An SDSU alumnus talks about giving back to the university.
No one personifies the Aztec spirit better than William E. Leonhard Jr.
A 1964 engineering graduate, Leonhard maintains close ties with San Diego State despite living across the country in Florida. He is a member of the National Campaign for SDSU Leadership Council and serves on the College of Engineering advisory board.
Leonhard feels strongly about giving back to SDSU for providing him the education and tools to succeed as an engineer. Now is the time, he says, for alumni to help current and future students secure a college degree.
“You don’t have to be a billionaire to give money back to the university,” Leonhard said. “It doesn’t take a lot of money over a long period of time to endow a scholarship.”
The William E. Leonhard Chair in Civil and Environmental Engineering is funded by an endowment created with gifts from Leonhard and his parents, William E. and Wyllis M. Leonhard. It will enable SDSU to attract and retain the most accomplished faculty in these fields.
Another gift, the William E. Leonhard Jr. Scholarship Endowment, will support scholarships for graduate and undergraduate engineering students.
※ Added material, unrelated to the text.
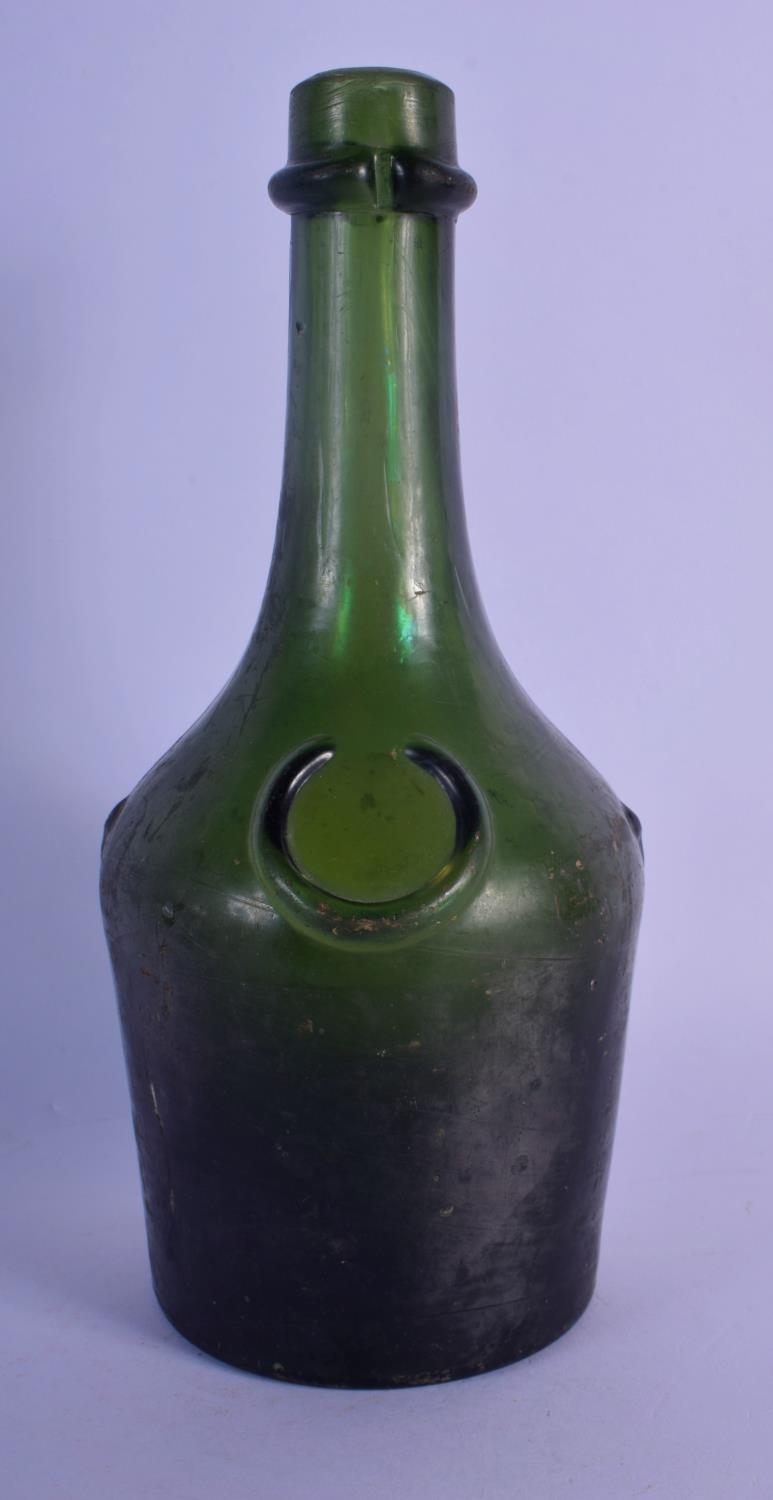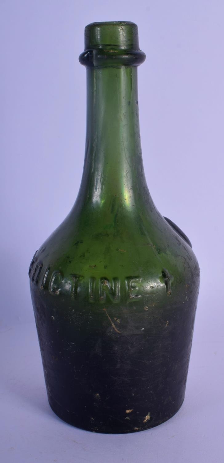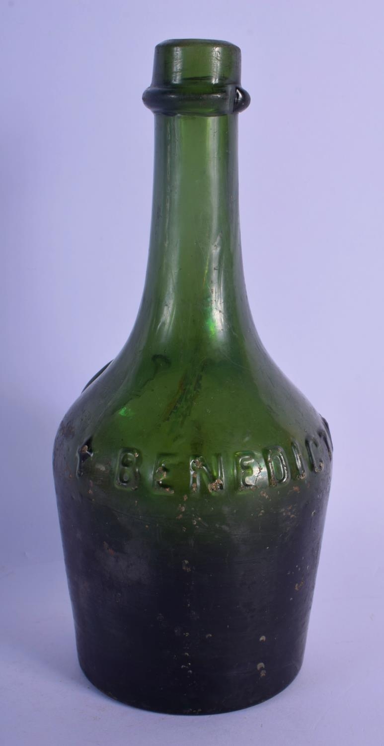 AN EARLY BENEDICTINE GREEN GLASS BOTTLE. 24 cm high.

“This country needs more highly educated technical personnel,” said Leonhard. “Universities can’t do this work by themselves anymore, especially state universities where the legislatures are [financially] cutting back. Individual alumni need to pick up the slack. We need to show that providing access to quality education is important.”
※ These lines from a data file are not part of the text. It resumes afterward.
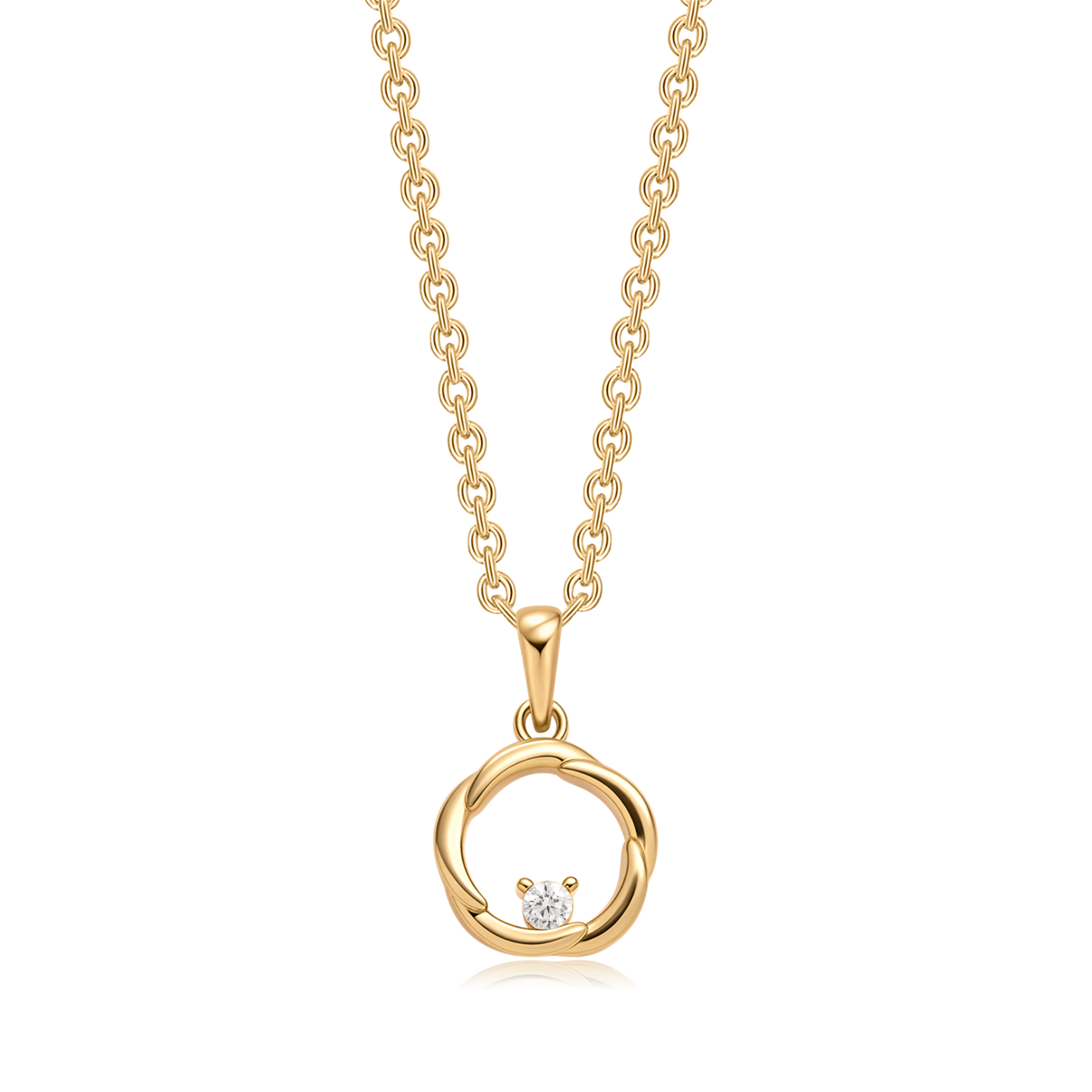 Sølvforgyldt halskæde flettet cirkel med syntetisk cubic zirconia.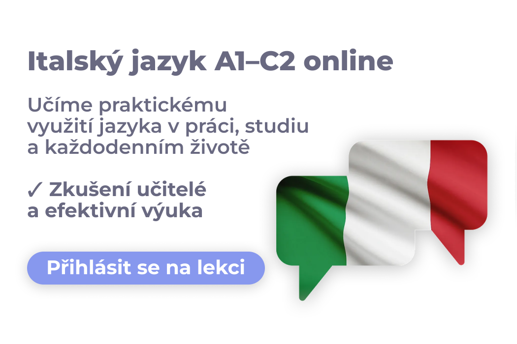 Detail kurzu a termínyChcete zlepšit svou italštinu pro práci, studium nebo každodenní život? Přihlaste se do našich pravidelných kurzů italštiny, které probíhají 2× týdně a každá lekce trvá 90 minut. Nabízíme všechny úrovně: A1–A2, B1–B2 a C1–C2. Výuka probíhá od 15:45 do 17:15 a můžete si vybrat kterýkoli den podle své úrovně a dostupnosti kurzu.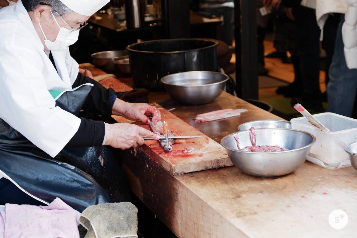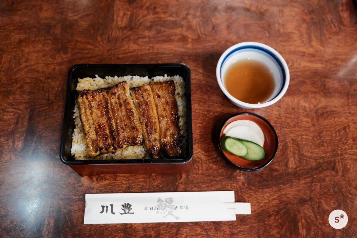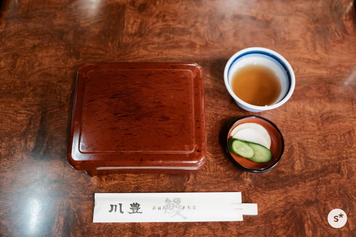 さて、お腹も空いてきたのでお昼はうなぎを食べましょう。やってきたのは「川豊」さんです。実はさっき表参道を歩いていたときに番号札を貰っていました。1911年に建てられたお店は、2019年に登録有形文化財に指定されたとのこと。はしごのように急な階段を上って2階に行き、うな重(2,700円・税込)を頂きました。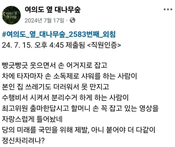 그는 “동지 관계라며 보좌진에게 쓰레기 처리·변기 수리를 지시하는 것이 말이 되느냐”고 지적하며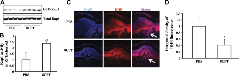 A, B) Immunoprecipitation of active Rap1 in RPE/choroid of mice injected with PBS or 8CPT: representative gels (A) and quantification (B) of Rap1 activity. **P < 0.01 vs. PBS, n = 5. C) Images of DHE staining in RPE/choroid surrounding CNV lesions. Red denotes DHE; blue denotes DAPI; purple denotes DHE + DAPI; Arrow indicates area of CNV lesion. D) Quantification of DHE fluorescence density. *P < 0.05 vs. PBS, n = 12.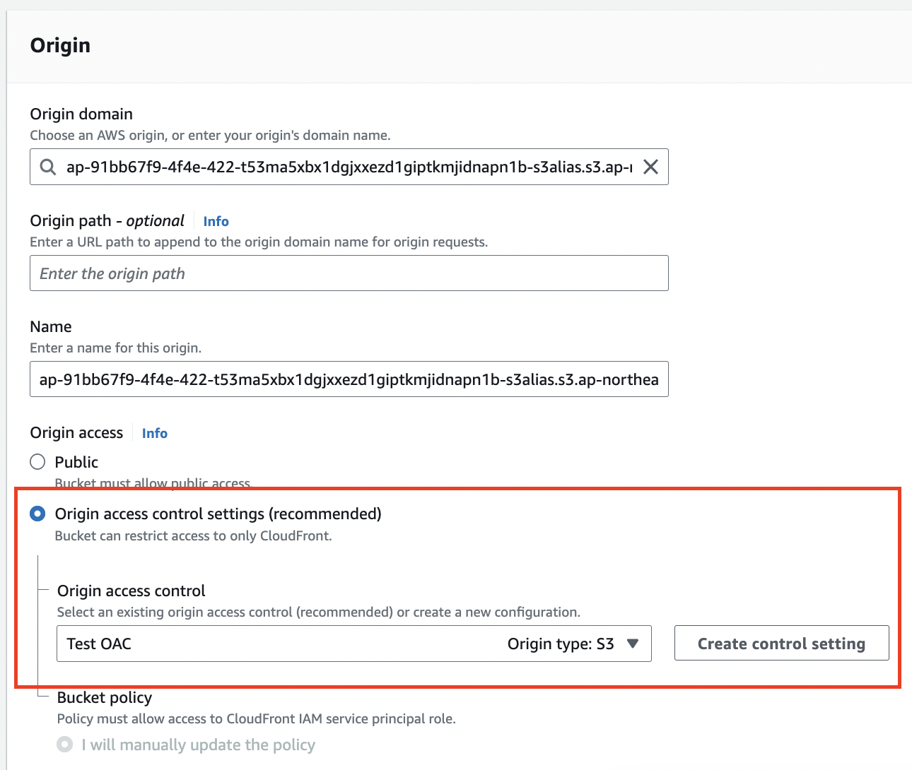 - Enable Origin access control setting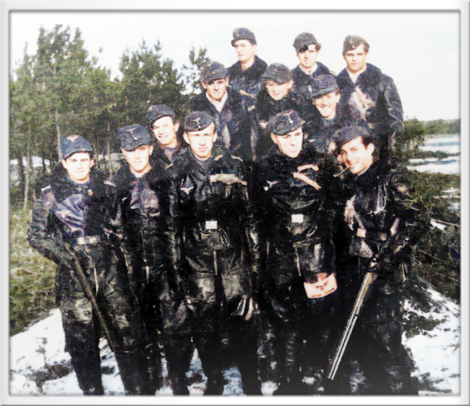 Piloten der IV. Gruppe des Jagdgeschwaders 301 beim Tontaubenschiessen. Vordere Reihe als dritter von links Oberfeldwebel Erwin Bunk. Rechts neben ihm Oberfeldwebel Willi Tiedtke, der den Angriff auf Heimboldshausen heil überstand. Das Foto stammt vom Flughafen bei Gardelegen aus dem Frühjahr 1945.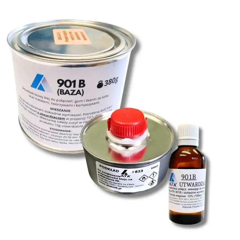 ATK 901b to profesjonalny, dwuskładnikowy klej kontaktowy stworzony z myślą o najbardziej wymagających zastosowaniach przemysłowych. Zapewnia niezwykle mocne i elastyczne połączenia gumy z metalami, betonem czy drewnem. Jest to idealne rozwiązanie do naprawy taśmociągów, klejenia mat wygłuszających i innych aplikacji, gdzie liczy się niezawodność i trwałość.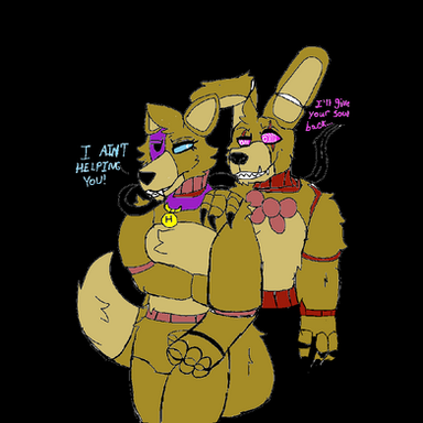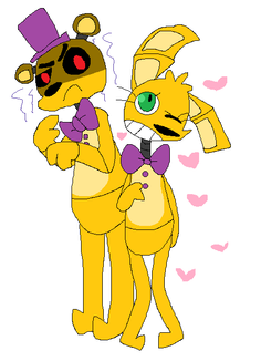 yey... Here's another ship-pic. I haven't done any of these lately, and I finally created Charlotte's animatronic form, and recreated Bill's animatronic form as well. I am recreating Charlotte's wolf/animal forms, for the fur/feathers to match her hair color, but the wolf redesign will come first.Base used: FnaF base 2 by adusia2208

You don’t have to be a billionaire to give
money back to the university.
After retiring from the Air Force as a colonel, Leonhard became senior program manager for the Parsons Corp., where he managed the design of themed rides for Disney Parks. He was also site manager for a 5-million-square-foot computer manufacturing and development site and he consulted on the construction of a computer chip manufacturing plant in Oregon.
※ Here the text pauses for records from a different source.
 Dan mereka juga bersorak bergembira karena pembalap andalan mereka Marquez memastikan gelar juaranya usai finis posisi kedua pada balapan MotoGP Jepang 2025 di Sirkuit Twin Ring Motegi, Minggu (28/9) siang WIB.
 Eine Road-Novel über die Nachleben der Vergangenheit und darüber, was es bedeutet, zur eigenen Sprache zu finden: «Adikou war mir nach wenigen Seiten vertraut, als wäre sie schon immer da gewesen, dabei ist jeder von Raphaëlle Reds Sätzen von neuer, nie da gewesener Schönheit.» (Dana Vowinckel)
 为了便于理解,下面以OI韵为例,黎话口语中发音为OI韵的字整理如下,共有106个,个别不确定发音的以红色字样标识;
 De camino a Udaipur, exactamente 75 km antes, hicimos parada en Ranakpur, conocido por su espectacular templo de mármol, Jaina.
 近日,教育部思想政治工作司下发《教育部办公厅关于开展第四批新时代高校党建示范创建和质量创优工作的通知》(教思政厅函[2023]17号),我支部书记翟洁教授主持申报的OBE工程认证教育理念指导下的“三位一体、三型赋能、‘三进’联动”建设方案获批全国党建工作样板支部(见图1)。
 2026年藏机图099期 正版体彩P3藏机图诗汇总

Today, Leonhard reflects that his years at SDSU gave him the knowledge and skills to succeed in his career. Not until he left San Diego to work on a master’s degree at another university did he realize the value of his undergraduate education.
“Interestingly enough [when I went to Arizona State University], I got better grades than I expected,” said Leonard. “It made me realize that the education at SDSU was of a much higher quality than I had thought. I am still grateful for that.”